1. Field of the Invention
The present invention concerns cellular mobile radio systems.
The present invention is more particularly, although not exclusively, concerned with cellular mobile radio systems in which access by a mobile station to a cell is effected by means of a particular frequency specific to that cell, called the control frequency, on which synchronization information enabling the mobile station to synchronize to the base transceiver station of that cell is broadcast and on which information enabling a mobile station to access the system in order to set up a call is exchanged.
The control frequencies are generally transmitted continuously to enable the mobile stations listening to them to carry out measurements in order to select the best cell to access at any time.
In systems using the frequency hopping technique (which, among other things, improves transmission quality in the presence of fading), there is generally provision for separate and continuous transmission of the control frequency.
This represents a penalty in terms of spectral efficiency.
2. Description of the Prior Art
Document U.S. Pat. No. 4,723,266 or document WO 93/12589 describes a cellular mobile radio system made up of two types of cell (e.g. microcells and umbrella cells) of which one type is dependent on the other, from the point of view of their radio coverage, and has no control frequency. In this system, access by a mobile station to a cell with no control frequency is effected via a cell with a control frequency, a change of cell (or "handover") then being performed to the cell with no control frequency.

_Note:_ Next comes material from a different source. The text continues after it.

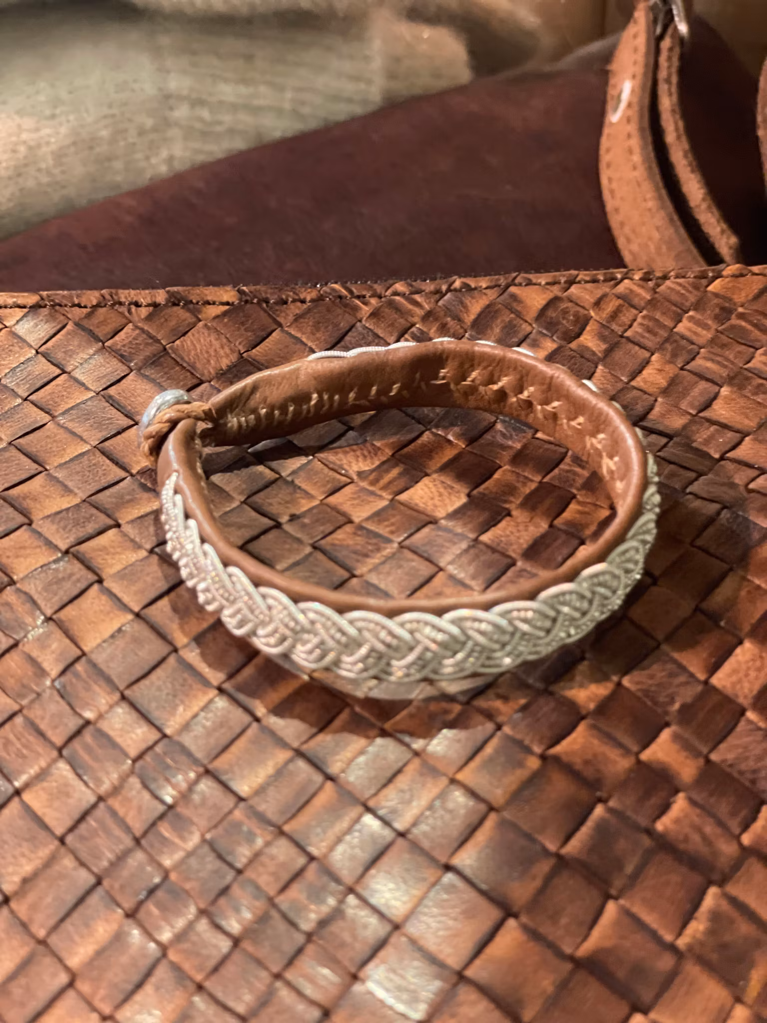 Siri är ett elegant och tidlöst samiskt armband, handsytt med mjukt äkta renskinn och ett vackert, tätt flätat tenntrådsbroderi. Varje detalj är skapad med traditionell precision och gediget hantverk.

In a system of this kind the problem arises of selecting the best cell to access for a given position of the mobile station, since it is not possible to listen to the control frequencies in the case of cells with no control frequency.
In the documents mentioned above, this problem is solved by providing in each cell, whether communicating with a mobile station or not, specific means for listening to the mobile station enabling the system to determine the best cell by comparison of the various measurement results obtained in this way. This has the disadvantage of requiring, in the cells with no control frequency, dedicated equipment in addition to the equipment needed to handle wanted information.
One object of the present invention is to avoid this drawback.
However, the present invention also applies to cellular mobile radio systems in which all cells have a control frequency.
In such systems, and as described in document FUNKTECHNIK, vol. 41, n.sup.o 4, April 1986, HEIDELBERG DE, pages 146-149, XP002006000, HALAMEK ET AL: "Zellgrenzdetektion mit relativer Entfemungsmessung in Netz C", cell selection can be effected by determining the position of a mobile station by measuring the propagation time difference between the mobile station and two base transceiver stations. To be more precise, a base transceiver station BSa with which the mobile station is communicating measures the propagation time Ta between that base transceiver station and the mobile station and transmits that propagation time to the mobile station which then retransmits it, in which case the propagation time is received by another base transceiver station BSb (which can then, assuming that the system is synchronized), i.e. that the base transceiver stations are synchronized, determine the propagation time Tb between the mobile S station and the base transceiver station BSb and thus determine the difference between the propagations Ta and Tb. One disadvantage of a solution of this kind is therefore that it works only in the case of a synchronized system.
One object of the present invention is to avoid this drawback.